● Problem to solve
Find the line with "Fünfzehn Kinder umfasste" in the records below. Output exactly from there until after the line with "装袋现场忙而不乱,有人指挥,有人分发雨鞋", without pictures.

[[ Supplied records, beginning ]]

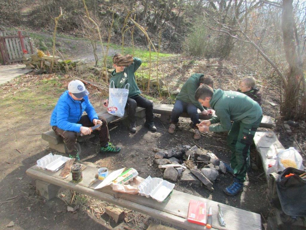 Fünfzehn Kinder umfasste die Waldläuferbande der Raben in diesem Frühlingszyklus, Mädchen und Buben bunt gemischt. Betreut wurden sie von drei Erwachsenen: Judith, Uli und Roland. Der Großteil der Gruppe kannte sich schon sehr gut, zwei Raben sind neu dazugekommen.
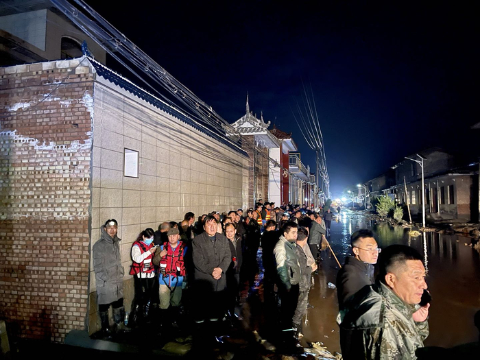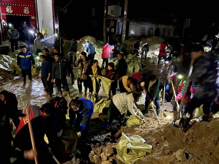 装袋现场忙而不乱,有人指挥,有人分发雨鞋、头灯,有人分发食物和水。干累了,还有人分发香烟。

[[ Supplied records, end ]]
[[ Supplied records, beginning ]]

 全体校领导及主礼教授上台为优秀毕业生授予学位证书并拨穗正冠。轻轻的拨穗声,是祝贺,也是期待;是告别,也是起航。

[[ Supplied records, end ]]

● Output for this exercise
 Fünfzehn Kinder umfasste die Waldläuferbande der Raben in diesem Frühlingszyklus, Mädchen und Buben bunt gemischt. Betreut wurden sie von drei Erwachsenen: Judith, Uli und Roland. Der Großteil der Gruppe kannte sich schon sehr gut, zwei Raben sind neu dazugekommen.
 装袋现场忙而不乱,有人指挥,有人分发雨鞋、头灯,有人分发食物和水。干累了,还有人分发香烟。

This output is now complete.